Alternative to the `match = re.match(); if match: ...` idiom?

dbr picture dbr · Jul 20, 2009 · Viewed 23.3k times · Source

If you want to check if something matches a regex, if so, print the first group, you do..

import re
match = re.match("(\d+)g", "123g")
if match is not None:
    print match.group(1)

This is completely pedantic, but the intermediate match variable is a bit annoying..

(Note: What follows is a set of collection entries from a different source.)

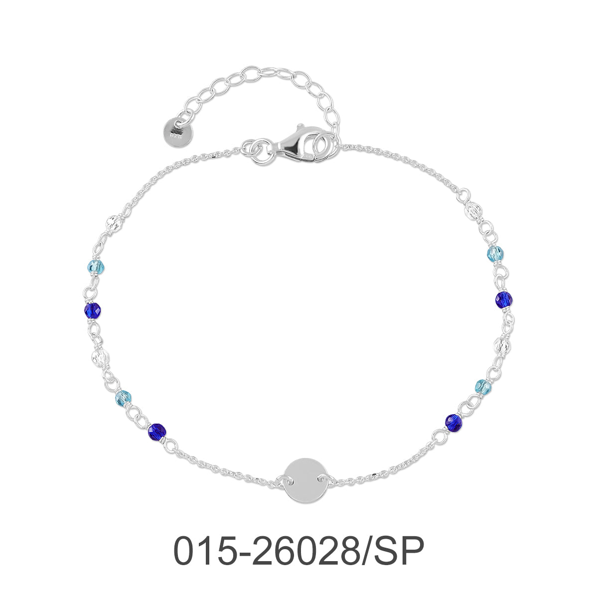 BRACELET CHAIN 17+3 CM. ROUND W/CRYSTAL & SILVER PLATED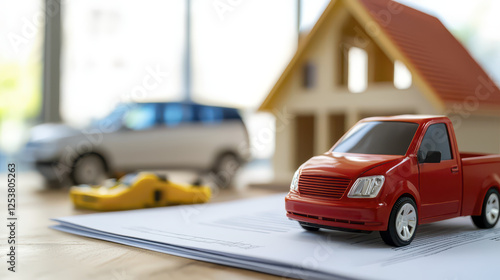 red toy truck in focus with house model and paperwork in background, symbolizing real estate and vehicle transactions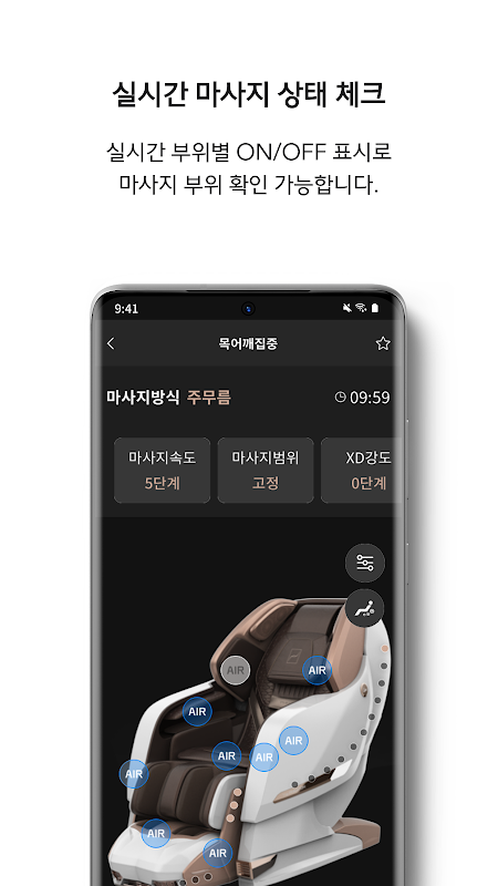 Вы можете проверить статус массажного кресла в режиме реального времени с помощью интуитивно понятной и удобной конфигурации пользовательского интерфейса.Измените статус массажного кресла, например, интенсивность массажа и местоположение, удобно на мобильном устройстве.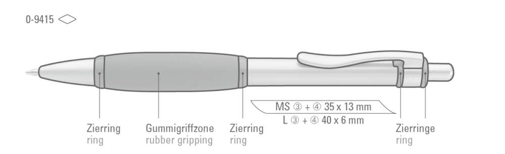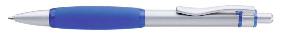Metall-Druckkugelschreiber mit Schaft, Drücker, Clip und Spitze glanzverchromt. Große, farbige Gummigriffzone.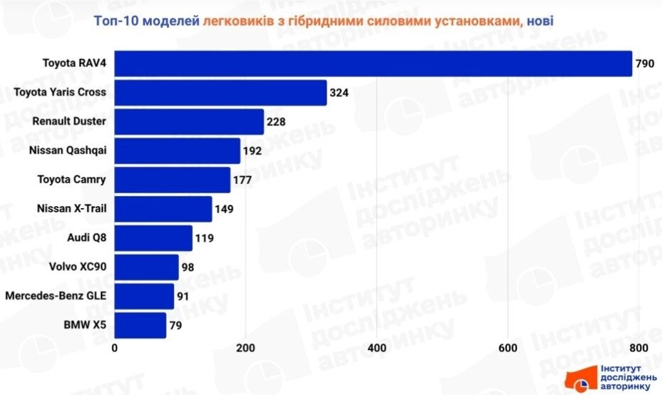 Також високий попит мають гібридні кросовери Nissan Qashqai, X-Trail та доступний Renault Duster. Преміум-сегмент представляють Audi Q8, Volvo XC90, Mercedes-Benz GLE і BMW X5, демонструючи, що гібридні технології стали стандартом для верхнього класу.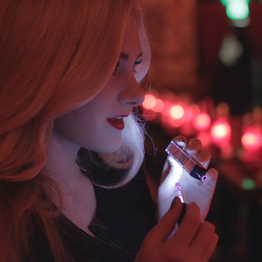 - Turn Me On in our Muse shade, a crimson matte lipstick with special LED illumination and mirrored case for effortless application. Formulated with Coconut Oil and Lychee Extract. YUMMY smell and great coverage. The light is just fantastic on the lipstick case.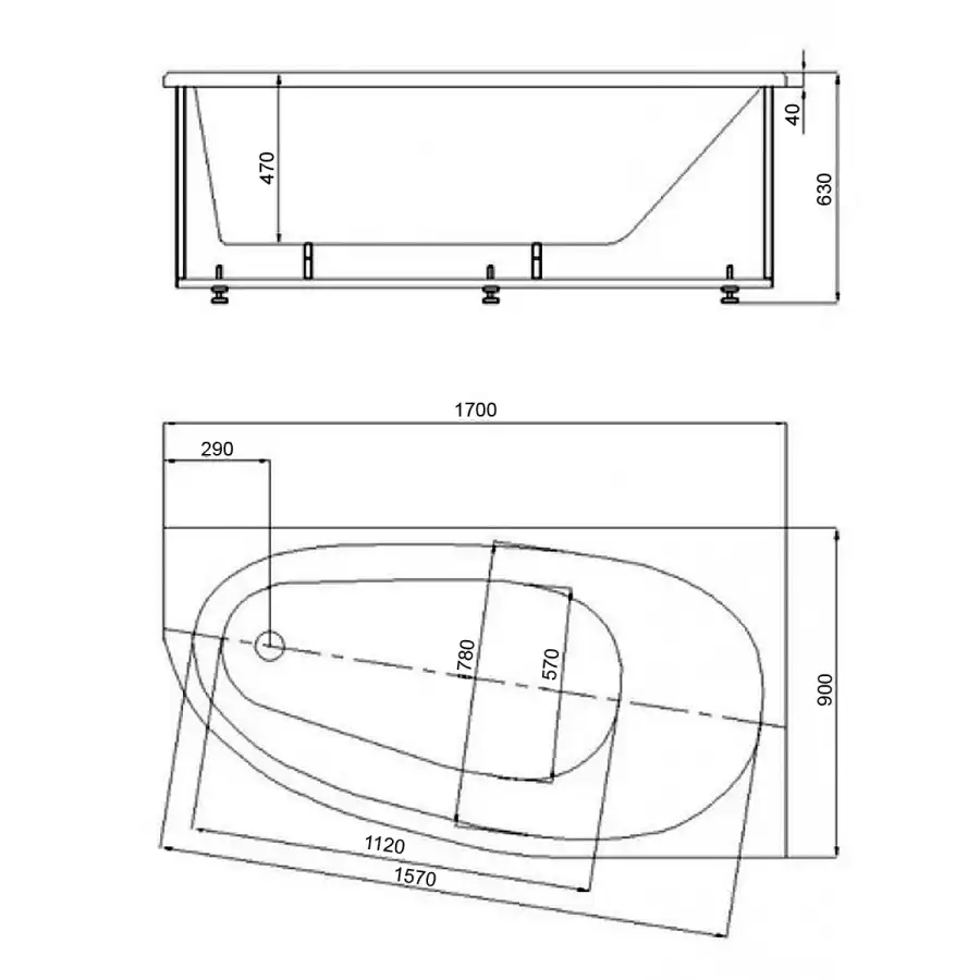 Акриловая ванна AZARIO KAPRIS 170х90 AV.0061170, асимметричная, правая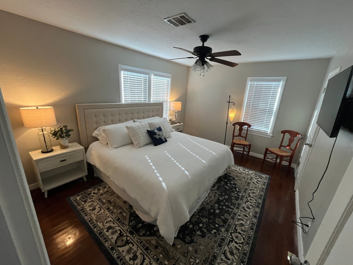 Nikmati pengalaman bergaya di tempat yang berlokasi di pusat kota ini. Nyalakan pemanggang barbekyu di patio belakang pondok yang direnovasi total ini. Bangun dengan perasaan segar di rumah kami yang nyaman dan menampilkan dapur modern, perabot kontemporer, dan halaman belakang pribadi. 1 kamar tidur dengan tempat tidur king dan 1 kamar tidur dengan tempat tidur queen. Nikmati wifi gratis & aplikasi streaming gratis kami seperti Disney+, ESPN & HULU!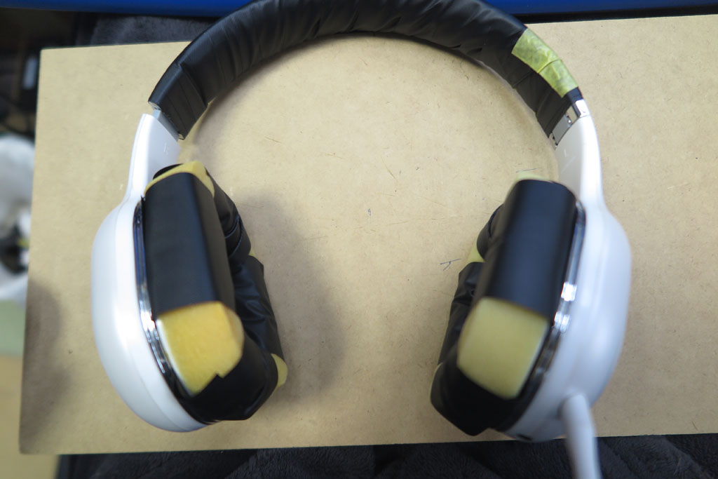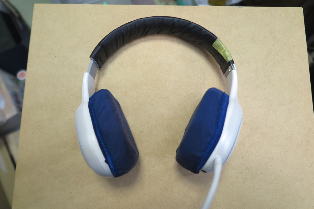 そのあと、イヤーパッドカバーを上にかぶせる。これで不細工な配管テープは隠せる。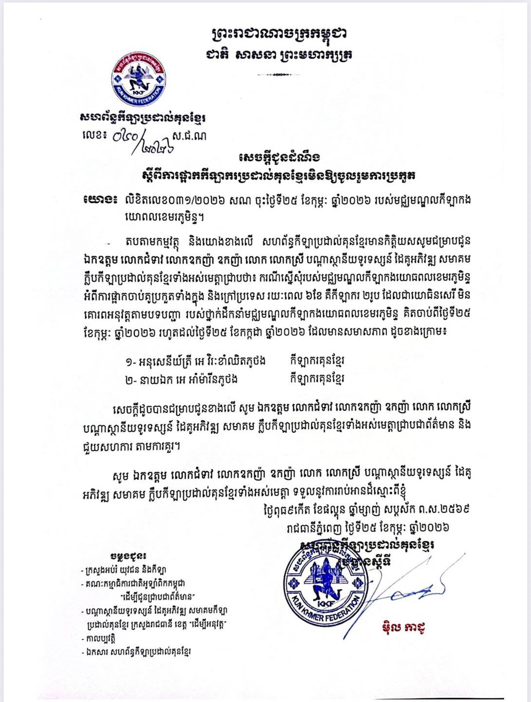 ព័ត៌មានកីឡា ធ្ងន់បាត់! កីឡាករ ល្បី២រូប ត្រូវ សហព័ន្ធកីឡាប្រដាល់គុនខ្មែរ ផ្អាក ការប្រកួត កន្លះឆ្នាំ…! TNN NEWS (Admin) February 25, 2026 0 កីឡា ៖ សហព័ន្ធកីឡាប្រដាល់គុនខ្មែរ ចេញសេចក្តីជូនដំណឹង ផ្អាក កីឡាករ ២រូប មិនអោយប្រកួត៦ខែ @timelynewsnetwork About the Author TNN NEWS (Admin) Administrator View All Posts Post navigation Previous: លោក Tommy Kim ៖ ឆ្លើយតបភ្លាមៗ ក្រោយ…!Next: សហព័ន្ធកីឡាប្រដាល់សកលកម្ពុជា និងក្រុមហ៊ុន វឌ្ឍនៈ បានចុះអនុស្សរណៈ MOU រួចហើយ! Leave a Reply Cancel replyYour email address will not be published. Required fields are marked *Comment * Name * Email * Website Save my name, email, and website in this browser for the next time I comment. ព័ត៌មានពាក់ព័ន្ធ ព័ត៌មានកីឡា វី អាកទីវ អារាម គុនខ្មែរ សប្តាហ៍នេះ រៀបចំ ជាពិេសេស សំរាប់ បងប្អូន ជនភៀសសឹក នៅខេត្តព្រះវិហារ និង ខេត្តសៀមរាប! TNN NEWS (Admin) March 23, 2026 0 ព័ត៌មានកីឡា ដើម្បី អបអរសាទរ ពិធីបុណ្យចូលឆ្នាំថ្មី ប្រពៃណីជាតិ ខាងមុខ ក្រុមហ៊ុន វឌ្ឍនៈប្រ៊ូវើរី ឧបត្ថម្ភ ភេសជ្ជៈ ១៥០០ កេស ដល់ រដ្ឋបាលខេត្តសៀមរាប! TNN NEWS (Admin) March 18, 2026 0 ព័ត៌មានកីឡា មេទ័ពធំគុនខ្មែរទាំង៣ តើអ្នកណា នឹងក្លាយជាអធិរាជនៃព្រឹត្តិកាណ៍ Three Kingdoms? TNN NEWS (Admin) March 7, 2026 0
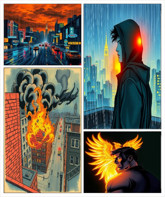 PANEL 1 (WIDE) Night city. Rain. Neon lights reflecting on wet streets. The sky has a faint orange glow, like something’s about to break. CAPTION: The city never sleeps. It just waits. PANEL 2 (MEDIUM) Your hero stands on a rooftop, back turned. Hood up. A soft glow leaks from his RIGHT shoulder under the fabric. HERO (THOUGHT): Please don’t be another long night. PANEL 3 (IMPACT) Explosion below. Fire and smoke erupt. Sirens scream. SFX: KRAAASH PANEL 4 (ICONIC) Hero turns. Phoenix fi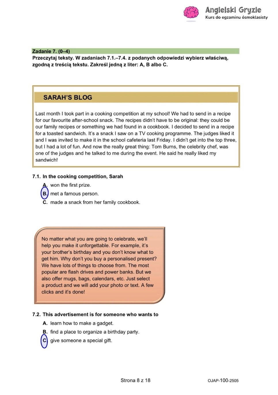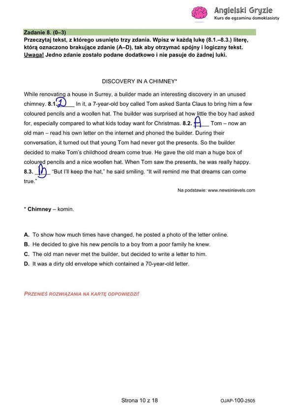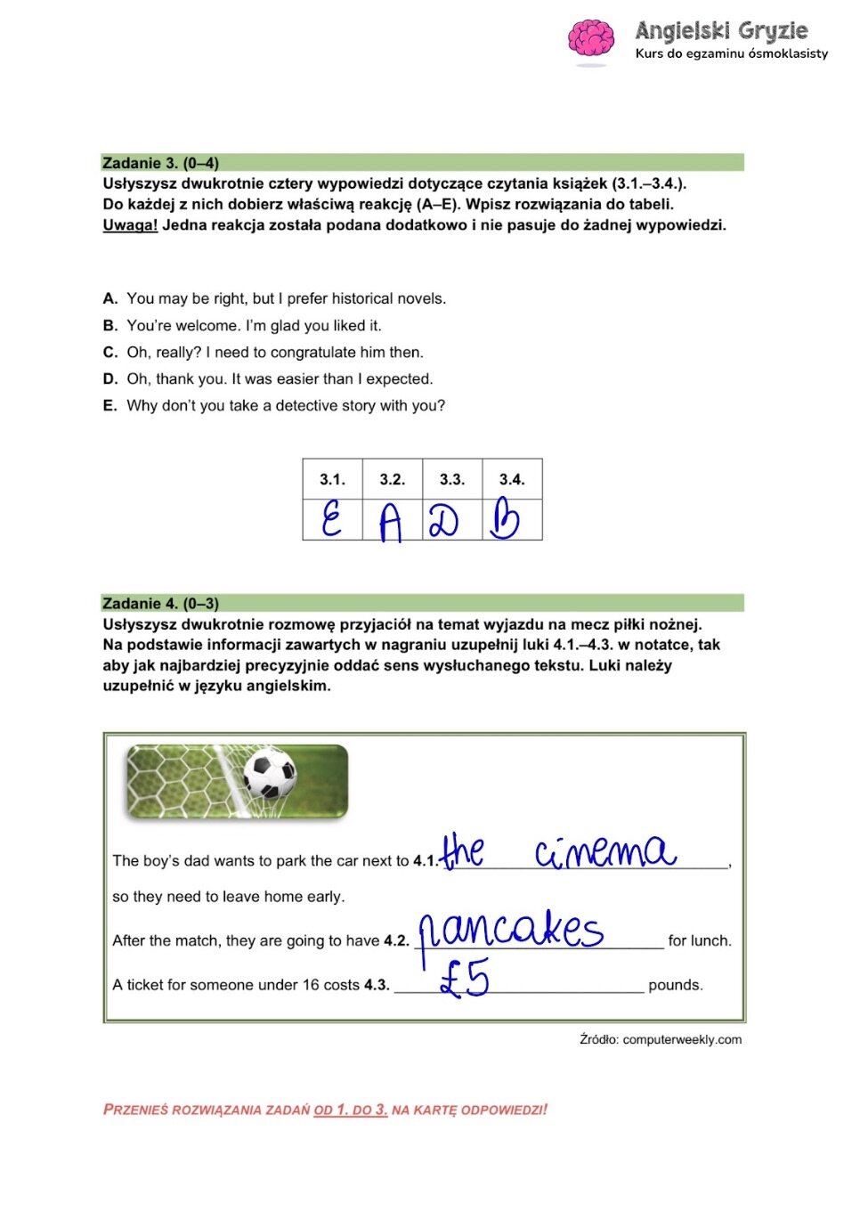 Egzamin ósmoklasisty z języka angielskiego już za Wami! 😮💨 Jeśli chcecie szybko sprawdzić swoje odpowiedzi, to mamy dla Was dobrą wiadomość. Rozwiązania wszystkich zadań z języka angielskiego znajdziecie poniżej!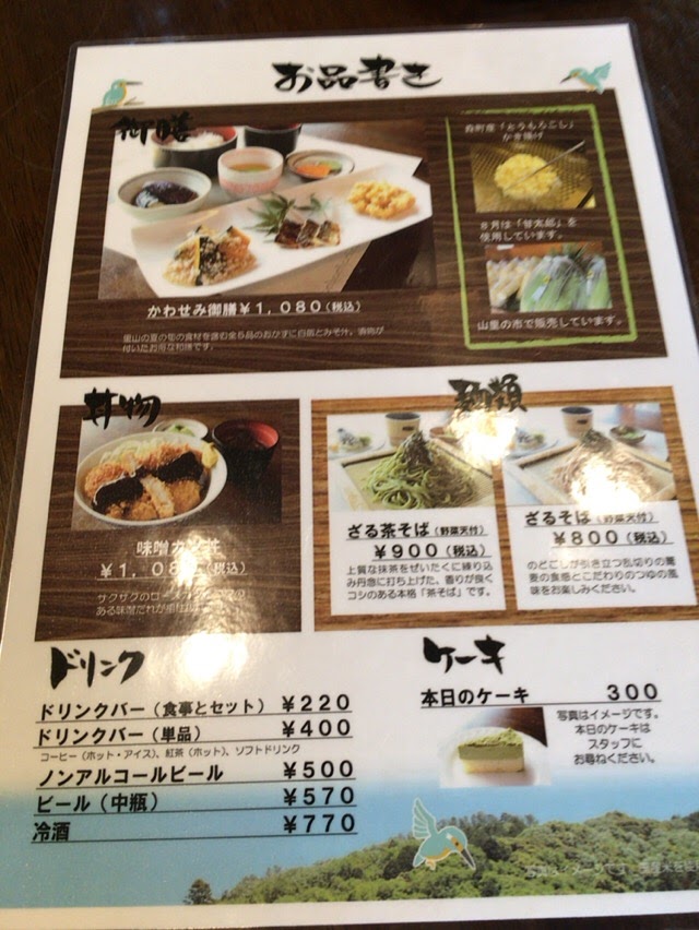 かわせみのメニューは以下です。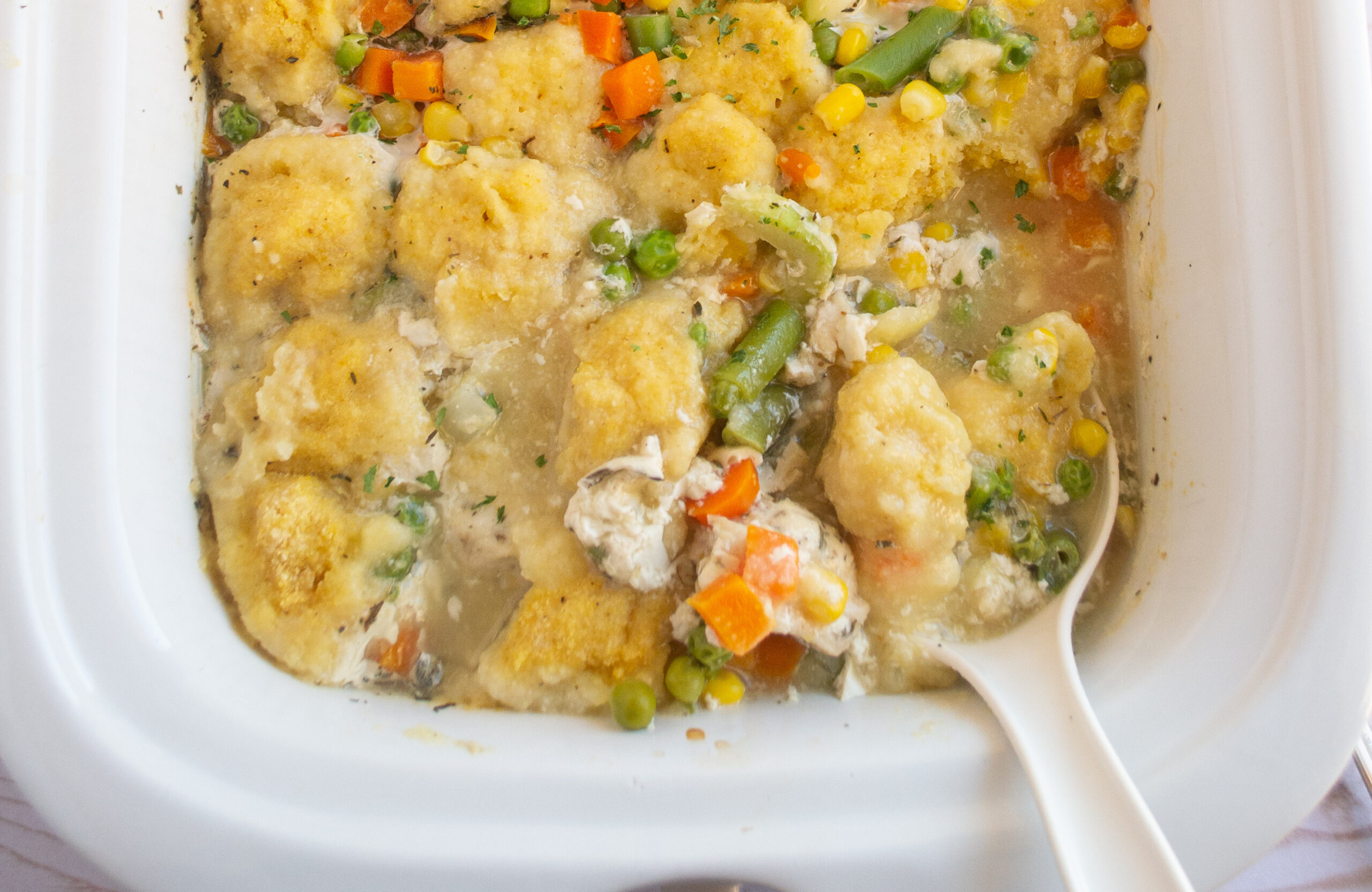 This slow cooker chicken and cornbread dumplings is an easy meal to throw together in your crockpot. No cream of chicken soup is needed for this recipe, although you can add some to the chicken mixture if you like. This will become your favorite crockpot chicken recipe! This meal is cooked in a low-heat setting. Your family will love the sweetness of the cornbread dumplings and the comfort of creamy chicken on a cold day.

Languages like Perl do this by creating new $1..$9 variables for match groups, like..

if($blah ~= /(\d+)g/){
    print $1
}

From this reddit comment,

with re_context.match('^blah', s) as match:
    if match:
        ...
    else:
        ...

..which I thought was an interesting idea, so I wrote a simple implementation of it:

#!/usr/bin/env python2.6
import re

class SRE_Match_Wrapper:
    def __init__(self, match):
        self.match = match

    def __exit__(self, type, value, tb):
        pass

    def __enter__(self):
        return self.match

    def __getattr__(self, name):
        if name == "__exit__":
            return self.__exit__
        elif name == "__enter__":
            return self.__name__
        else:
            return getattr(self.match, name)

def rematch(pattern, inp):
    matcher = re.compile(pattern)
    x = SRE_Match_Wrapper(matcher.match(inp))
    return x
    return match

if __name__ == '__main__':
    # Example:
    with rematch("(\d+)g", "123g") as m:
        if m:
            print(m.group(1))

    with rematch("(\d+)g", "123") as m:
        if m:
            print(m.group(1))

(This functionality could theoretically be patched into the _sre.SRE_Match object)

It would be nice if you could skip the execution of the with statement's code block, if there was no match, which would simplify this to..

with rematch("(\d+)g", "123") as m:
    print(m.group(1)) # only executed if the match occurred

..but this seems impossible based of what I can deduce from PEP 343

Any ideas? As I said, this is really trivial annoyance, almost to the point of being code-golf..

Answer

Glenn Maynard picture Glenn Maynard · Jul 20, 2009

I don't think it's trivial. I don't want to have to sprinkle a redundant conditional around my code if I'm writing code like that often.

This is slightly odd, but you can do this with an iterator:

import re

def rematch(pattern, inp):
    matcher = re.compile(pattern)
    matches = matcher.match(inp)
    if matches:
        yield matches

if __name__ == '__main__':
    for m in rematch("(\d+)g", "123g"):
        print(m.group(1))

The odd thing is that it's using an iterator for something that isn't iterating--it's closer to a conditional, and at first glance it might look like it's going to yield multiple results for each match.

It does seem odd that a context manager can't cause its managed function to be skipped entirely; while that's not explicitly one of the use cases of "with", it seems like a natural extension.